**Your goal**
Write each line of the material exactly as given, from the top through the line that contains "Farmwork – Agriculture", and omit all pictures.

**Data extracts**
|---|

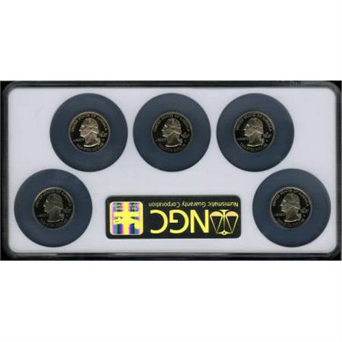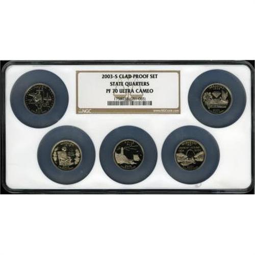 <B>2003-S 25C Clad Proof Set State Quarters PR70 Deep Cameo NGC.</B></I> The set includes Illinois, Alabama, Maine, Missouri and Arkansas. <BR><BR><b>Shipping:</b> Coins & Currency (<a target="_blank" href="http://www.heritageauctions.com/common/shipping.php">view shipping information</a>)
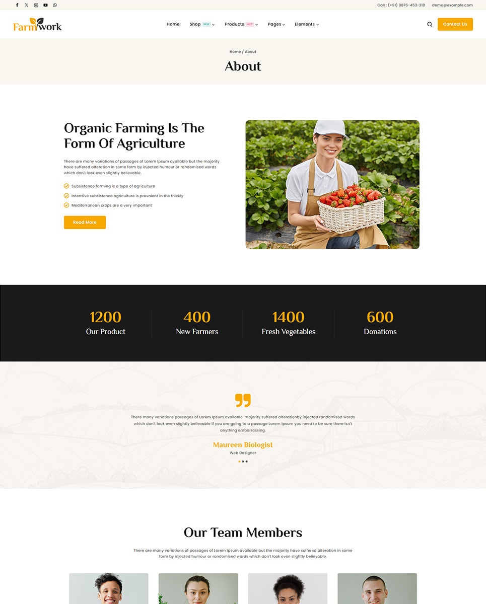 Farmwork – Agriculture and Organic Farming Elementor WordPress Responsive Theme
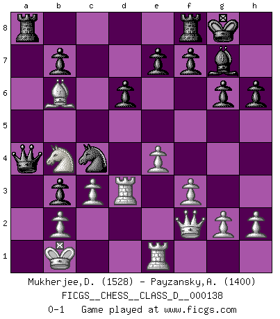 Last move : 0-1 2010 January 5 12:10:45 [Event "FICGS__CHESS__CLASS_D__000138"] [Site "FICGS"] [Date "2009.12.25"] [Round "1"] [White "Mukherjee,Deepankar"] [Black "Payzansky,Aleksey"] [Result "0-1"] [WhiteElo "1528"] [BlackElo "1400"] 1.e4 c5 2.Nf3 d6 3.d4 cxd4 4.Nxd4 Nf6 5.Nc3 g6 6.Be3 Bg7 7.Qd2 Ng4 8.Bg5 h6 9.Bh4 Nc6 10.Nb3 Be6 11.f3 Nge5 12.O-O-O Nc4 13.Bxc4 Bxc4 14.Bf2 Bxb3 15.axb3 Qa5 16.Na4 Qc7 17.Kb1 O-O 18.Nc3 a5 19.Nd5 Qd8 20.Bb6 Qd7 21.Rhe1 a4 22.Nc7 Rac8 23.Nd5 axb3 24.c3 Ne5 25.Qf2 Nc4 26.Rd3 Qa4 27.Nb4 Ra8 0-1 Sicilian : Dragon, 6.Be3 Queenside Castling by player White (move 12) Kingside Castling by player Black (move 17) Player Black won this chess game. Follow this game move after move (download)Examine moves that smite! A good eye for smites is far more important than a knowledge of strategical principles. (Purdy) Ja, ich habe einmal eine Blitzpartie gespielt, es war in einem Zug, 1929. --im Interview 1989 (Mikhail Moiseyevich Botvinik) Dejen al perfeccionista jugar por correo. (Yasser Seirawan) Les échecs, c'est l'imagination. (David Bronstein) All politicians must be presumed guilty until they are proven innocent. (Dinesh De Silva)
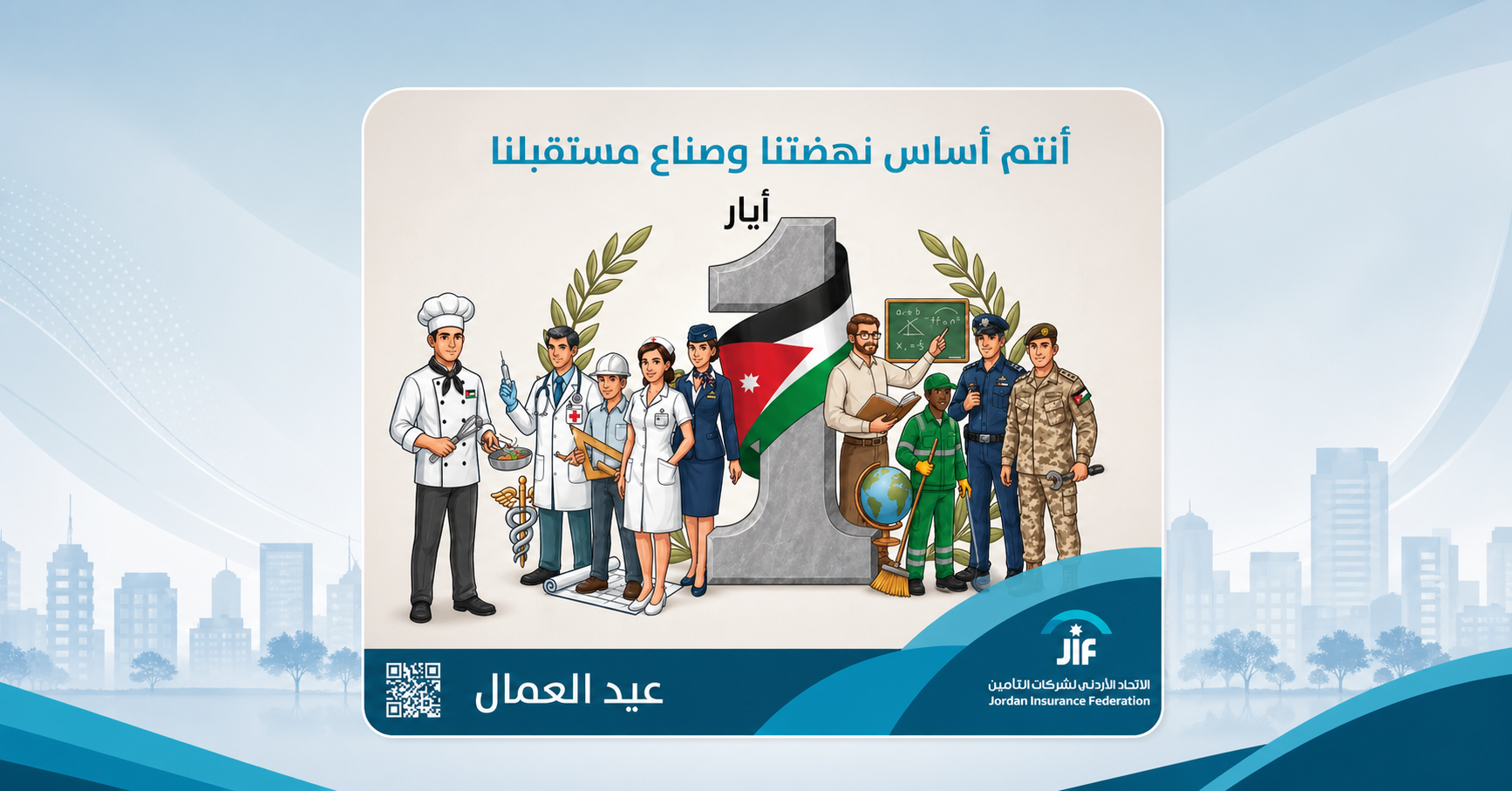 سقتُ هذه المقدمة لأقول أن الأردن خصّص لهذه المناسبة اهتماماً غير مسبوق، و لو انه لم يقصّر يوما لناحية الاهتمام بها. وما لفت هو احتفاء الإتحاد الأردني لشركات التأمين بهذا العيد وإصداره ملصقاً جمع رموز هذه المناسبة، أيّ العاملين في الوطن جميعاً: الجندي والشرطي والدركي وعامل التنظيف والمدرّس والممرض والطبيب والطاهي الذين يمثلون أركان الوطن، مع علم البلاد (المملكة الأردنية) وشعار: “أنتم أساس نهضتنا وصنّاع مستقبلنا”.
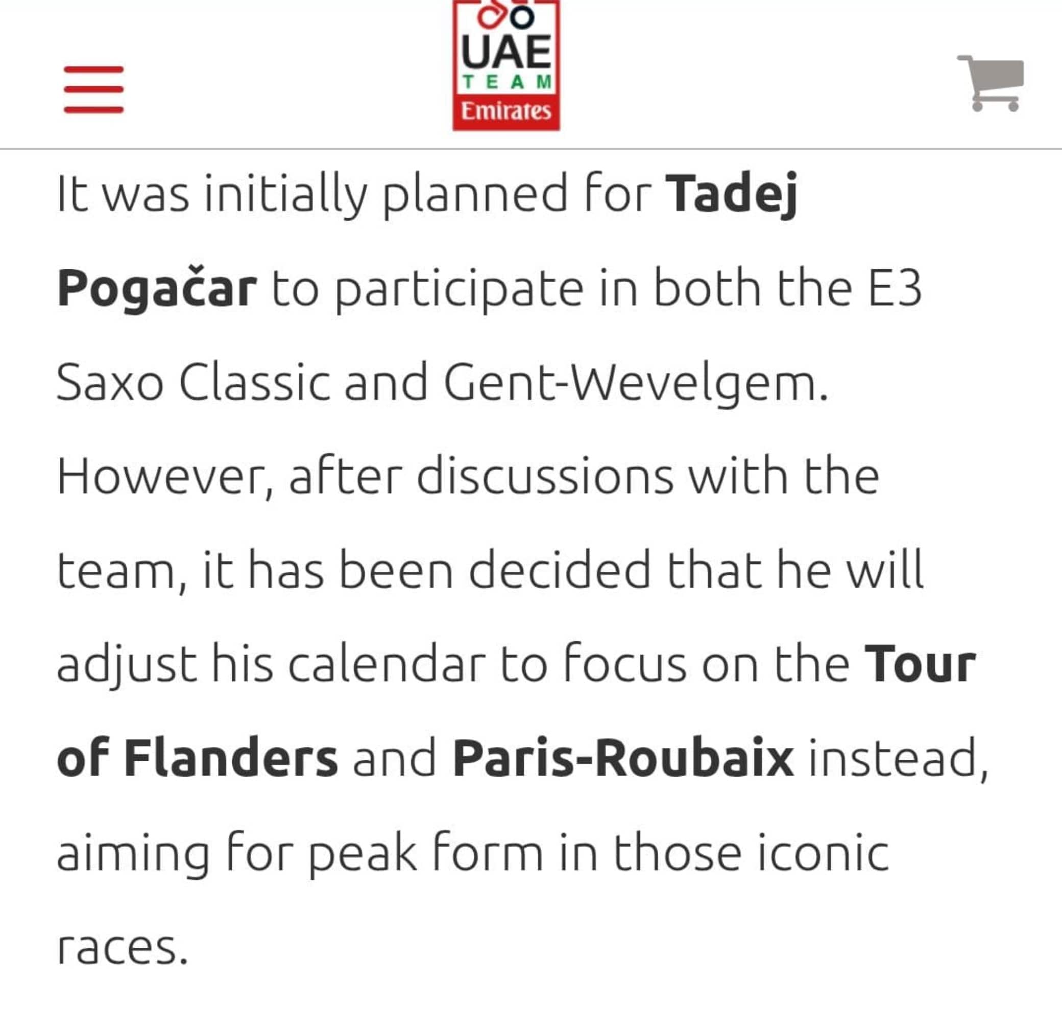 Tadej Pogacar prenderà parte alla prossima Parigi-Roubaix: ora è ufficiale. La UAE Team Emirates lo ha annunciato comunicando la modifica del roster per la E3: "Inizialmente era previsto che Pogacar partecipasse sia all'E3 Saxo Classic che alla Gent-Wevelgem - si legge sul sito ufficiale - tuttavia, dopo aver discusso con il team, è stato deciso che modificherà il suo calendario per concentrarsi sul Giro delle Fiandre e sulla Parigi-Roubaix, puntando alla forma migliore in quelle gare iconiche". La gara - nota anche come L'Inferno del Nord - è in programma domenica 13 aprile. Per il 26enne si tratterà dell’esordio assoluto nella 'regina delle classiche', unica Monumento alla quale finora non ha mai partecipato.
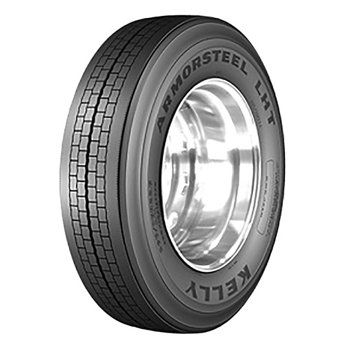 The Kelly Armorsteel LHT is a durable commercial truck tire designed for long-haul trailer applications. This highway terrain tire delivers excellent fuel efficiency and long tread life, verified by SmartWay. The Armorsteel LHT features a decoupling groove to promote even wear and a four-belt construction for enhanced durability, providing exceptional retreadability. The mono-groove tread pattern contributes to extended service life and even wear.
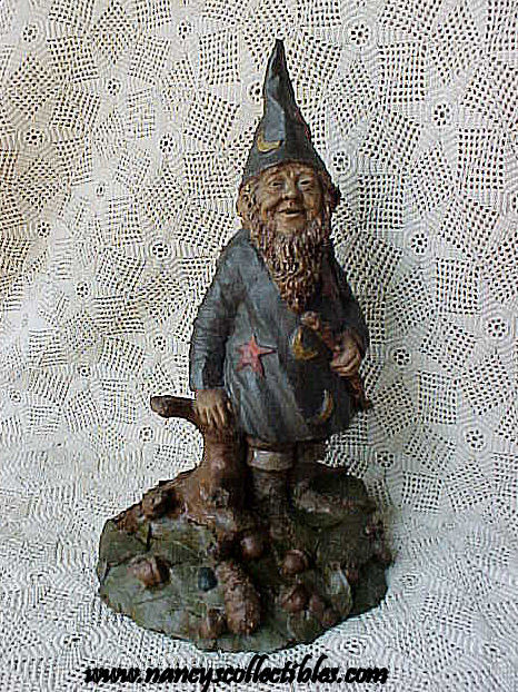 A Cairn Studio artwork of Tom Clark's Gnomes collection. This is "The Wiz". For the story of Tom Clark Gnome "The Wiz" click here The number for this piece is "71", dated 1983. It is in excellent, like-new condition. He measures 8-1/2" tall and 4-3/4" in diameter. The Certificate of Authenticity from Cairn Studio, Ltd. is included.

|---|

**Response box**
 <B>2003-S 25C Clad Proof Set State Quarters PR70 Deep Cameo NGC.</B></I> The set includes Illinois, Alabama, Maine, Missouri and Arkansas. <BR><BR><b>Shipping:</b> Coins & Currency (<a target="_blank" href="http://www.heritageauctions.com/common/shipping.php">view shipping information</a>)
 Farmwork – Agriculture and Organic Farming Elementor WordPress Responsive Theme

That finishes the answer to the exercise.